やっとこさ魔獣戦が終ったのに、ここでまた戦闘が勃発してはたまったものではない。

「でも、誰が祈ってもいいってわけじゃないんでしょう?」

ザレドスが、すかさず話題を振った。

「えぇ、スウォードルの血を引く者でなくてはなりませんの。でもあれだけの時間を使役するのに、二年以上も祈りを捧げましたわ」

落ち着きを取り戻したポピッカが答える。

「あぁ、そうか。ポピッカが何かにつけて、ロザリオを握りしめて祈っている姿を見てきたけど、あれはその祈りの力を注ぎこんでいたわけだね」

ポピッカが頷き、ボクは合点がいった。

「だけど、スウォードルとフォラシム教のロザリオって何か関係あんのか?」

振り上げた拳を収めたゲルドーシュが、再び鋭い質問をする。

「なるほど!」

ザレドスが突然手をポンと叩いた。一同、細工師に注目する。

「これも伝説の一つなんですがね。スウォードルは世界の半分を平定しましたが、当然そこまでの道程には多くの血が流れてきたわけですよ。彼はそれを悼んで、各地に慰霊塔を建立したと伝えられています。

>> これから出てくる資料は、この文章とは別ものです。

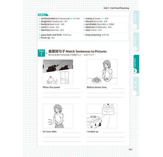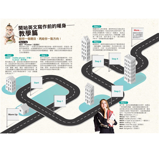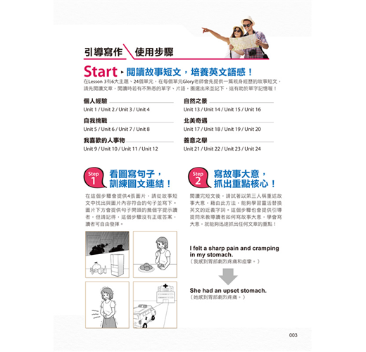 看圖寫作已經是全民英檢初級複試、多益寫作測驗、學測英文作文的基本題型之一!此單元藉由提供4張圖片,讓讀者從故事範文中找出並寫下符合圖片內容的句子。透過圖文連結,除了強化文字理解力之外,同時也可訓練圖像的邏輯思考及英文句型練習,讓左右腦同步運作、均衡發展,使英文寫作不再枯燥乏味!
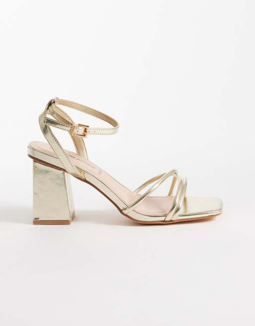 London Rebel Wide Fit – Asg – Riemchen-Sandaletten in Gold mit mittelhohem Blockabsatz
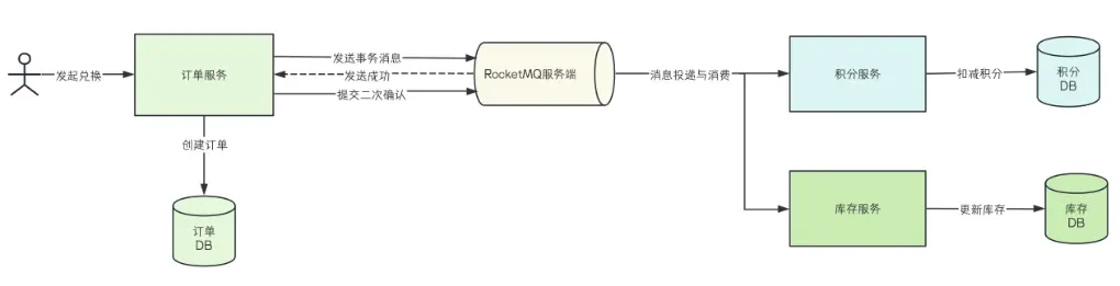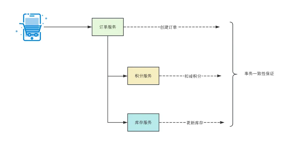 在電商平台中,積分兑換商品這一常見功能就涉及到分佈式事務,用户發起兑換後,可能涉及創建兑換訂單、扣除用户積分、通知發貨服務、扣減庫存等一系列動作,此時就要保證訂單服務和多個下游業務執行結果的最終一致性,如果積分扣除成功但訂單創建失敗,會導致用户積分被扣但未獲得商品,如果訂單創建成功但積分扣除失敗,會導致用户獲得商品但未扣除積分。
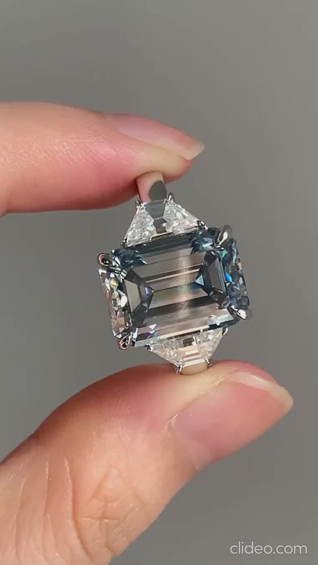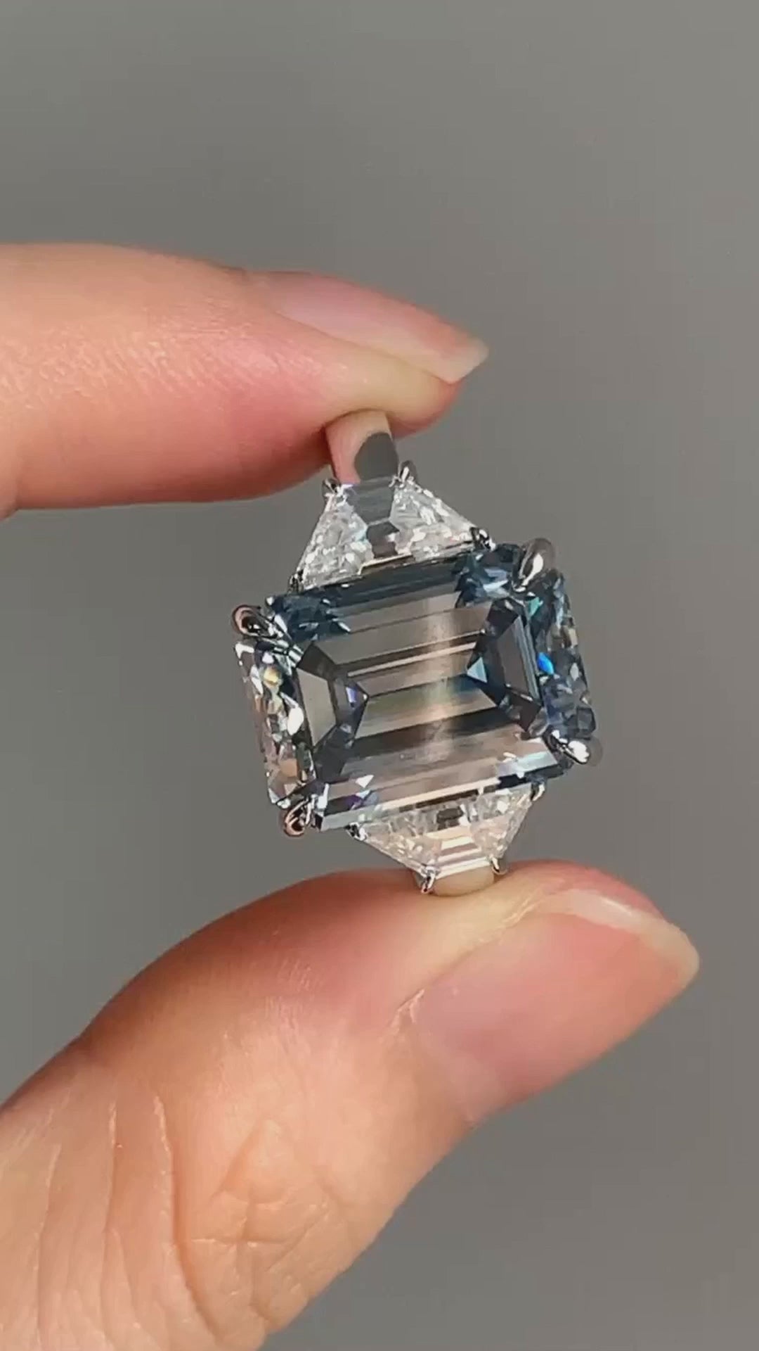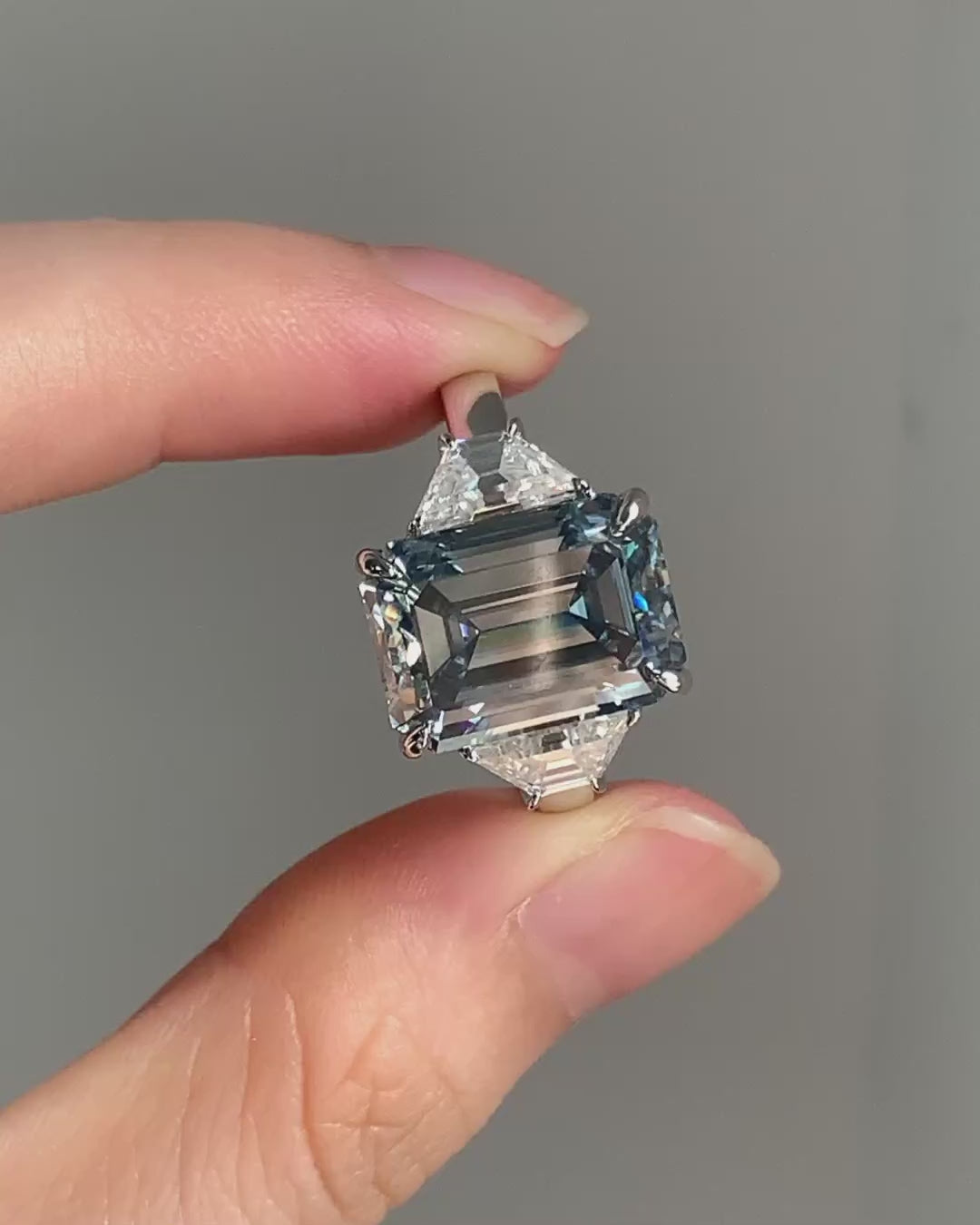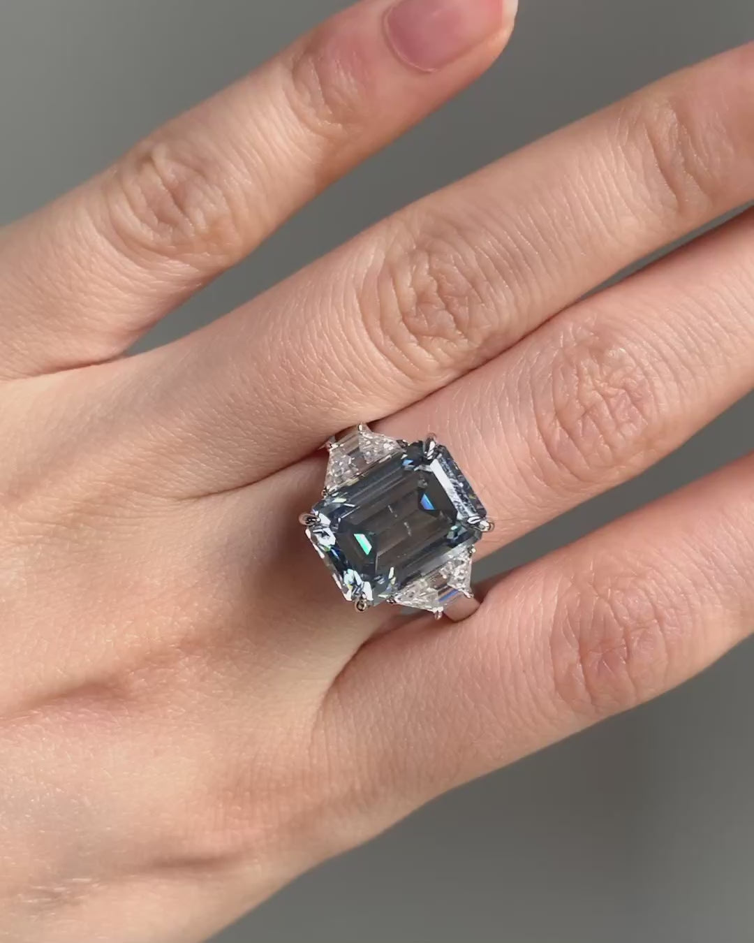 Grey Emerald Moissanite Diamond With Side Trapezoid Three Stone Moissanite Engagement Ring, Gray Moissanite Diamond Ring, Grey 3 Stone Ring

一説によると、それがフォラシム教の前身となり、初代教祖に彼を支えた妖精の妻が就任したって話です。

だからフォラシム教は、慈しみを第一とする宗教と言われているんですね」

皆、ザレドスの博学さに感心しきりで、彼のドヤ顔も気にならない。

「そうなんか。おめぇ、結構凄い奴なんだな」

”凄い奴”と言う割には、ぞんざいな口を利くゲルドーシュだが、それが正に彼なんだと一同は納得済みだ。